短期持续流心室辅助装置(STCF-VAD)在儿科中越来越多地被使用。终末期肝病(ELD)模型与成人机械循环支持患者的结局有关。我们试图确定在接受 STCF-VAD 治疗的儿童中,三种 ELD 模型(不包括国际标准化比值的模型用于终末期肝病(MELD-XI;全部)和 MELD-XI(>1 年)、PELD 和一种新的评分,PedMELD-XI)与结局之间的关系。纳入了 2009 年 6 月至 2016 年 12 月期间接受 STCF-VAD 支持的所有(<19 岁)患者。计算了 MELD-XI、PELD 和 PedMELD-XI 评分,并分析了它们与不良事件和死亡、大出血和神经功能障碍的复合指标之间的关系。在 32 名患者中,中位年龄为 0.57 岁(四分位距[IQR],0.10-4.43),中位体重为 7.15kg(IQR,3.68-16.53),53.1%患有先天性心脏病,53.1%为男性。
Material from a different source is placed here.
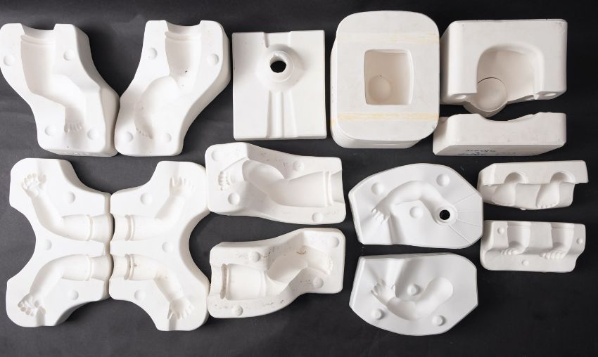 A collection of various plaster doll moulds.

共有 78.1%的患者发生不良事件(78.1%为大出血,25.0%为神经功能障碍,15.6%为死亡)。中位 MELD-XI 评分为 11.17(IQR,9.44-30.01),MELD-XI(>1 年)为 9.44(IQR,9.44-24.33),PELD 为 6.00(IQR,4.00-13.75),PedMELD-XI 为-14.91(IQR,-18.85 至-12.25)。各年龄段更高的 MELD-XI(13.80 比 9.44,p=0.037)和更小的负 PedMELD-XI(-14.16 比-19.34,p=0.028)评分与出血和复合结局显著相关。PedMELD-XI 与死亡显著相关(-12.87 比-16.84,p=0.041),而各年龄段更高的 MELD-XI 与死亡呈正相关(31.52 比 10.11,p=0.051)。最后,模型与神经事件没有关联。MELD-XI 和 PedMELD-XI 与大出血和复合终点显著相关,而 PedMELD-XI 也与死亡相关。这些结果表明,ELD 模型可用于预测该特定患者人群的结局,但需要在更大的人群中进行进一步分析。